Retype exactly what appears below from the line containing "Temperatures will be" down to the line containing "Unser traditionelles Vatertagsturnier", keeping both end lines. Do not include pictures.

→ Exercise materials
────────────────

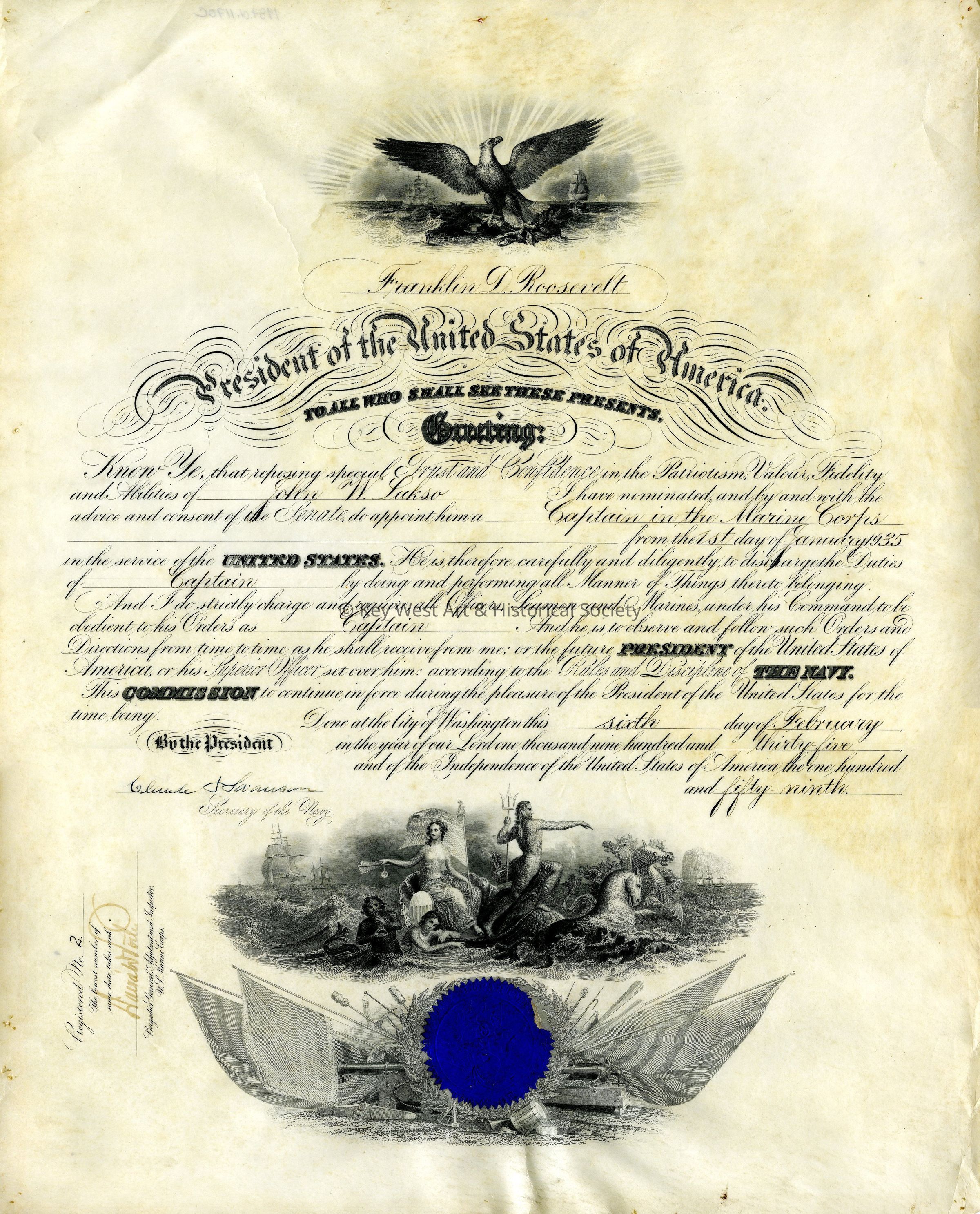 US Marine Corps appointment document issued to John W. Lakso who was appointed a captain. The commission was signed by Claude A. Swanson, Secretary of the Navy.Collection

────────────────

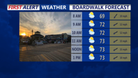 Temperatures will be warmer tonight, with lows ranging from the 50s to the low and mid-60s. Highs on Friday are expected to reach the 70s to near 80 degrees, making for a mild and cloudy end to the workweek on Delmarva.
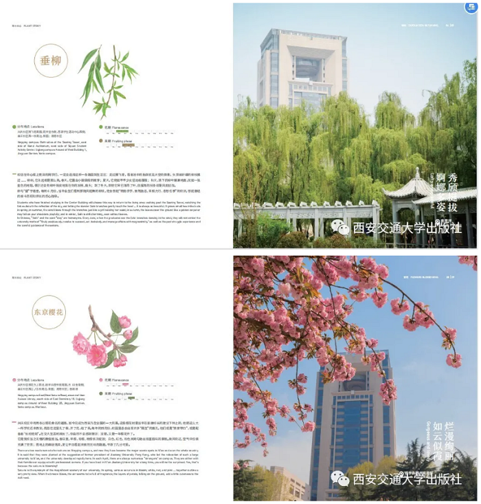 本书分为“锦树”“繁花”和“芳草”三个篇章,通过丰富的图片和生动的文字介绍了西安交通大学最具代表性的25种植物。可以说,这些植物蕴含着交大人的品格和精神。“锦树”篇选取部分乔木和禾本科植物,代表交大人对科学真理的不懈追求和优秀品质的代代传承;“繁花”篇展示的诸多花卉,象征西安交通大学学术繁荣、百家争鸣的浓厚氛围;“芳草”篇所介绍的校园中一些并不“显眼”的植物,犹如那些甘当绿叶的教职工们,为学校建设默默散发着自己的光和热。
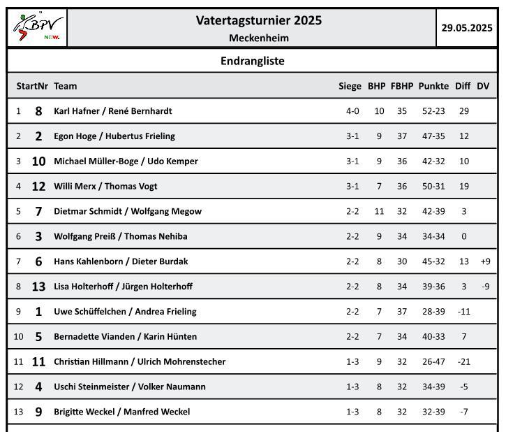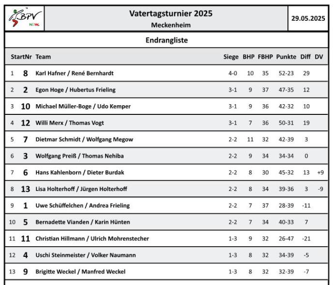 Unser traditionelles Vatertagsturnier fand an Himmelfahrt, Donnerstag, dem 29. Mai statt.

────────────────

→ Answer section
 Temperatures will be warmer tonight, with lows ranging from the 50s to the low and mid-60s. Highs on Friday are expected to reach the 70s to near 80 degrees, making for a mild and cloudy end to the workweek on Delmarva.
 本书分为“锦树”“繁花”和“芳草”三个篇章,通过丰富的图片和生动的文字介绍了西安交通大学最具代表性的25种植物。可以说,这些植物蕴含着交大人的品格和精神。“锦树”篇选取部分乔木和禾本科植物,代表交大人对科学真理的不懈追求和优秀品质的代代传承;“繁花”篇展示的诸多花卉,象征西安交通大学学术繁荣、百家争鸣的浓厚氛围;“芳草”篇所介绍的校园中一些并不“显眼”的植物,犹如那些甘当绿叶的教职工们,为学校建设默默散发着自己的光和热。
 Unser traditionelles Vatertagsturnier fand an Himmelfahrt, Donnerstag, dem 29. Mai statt.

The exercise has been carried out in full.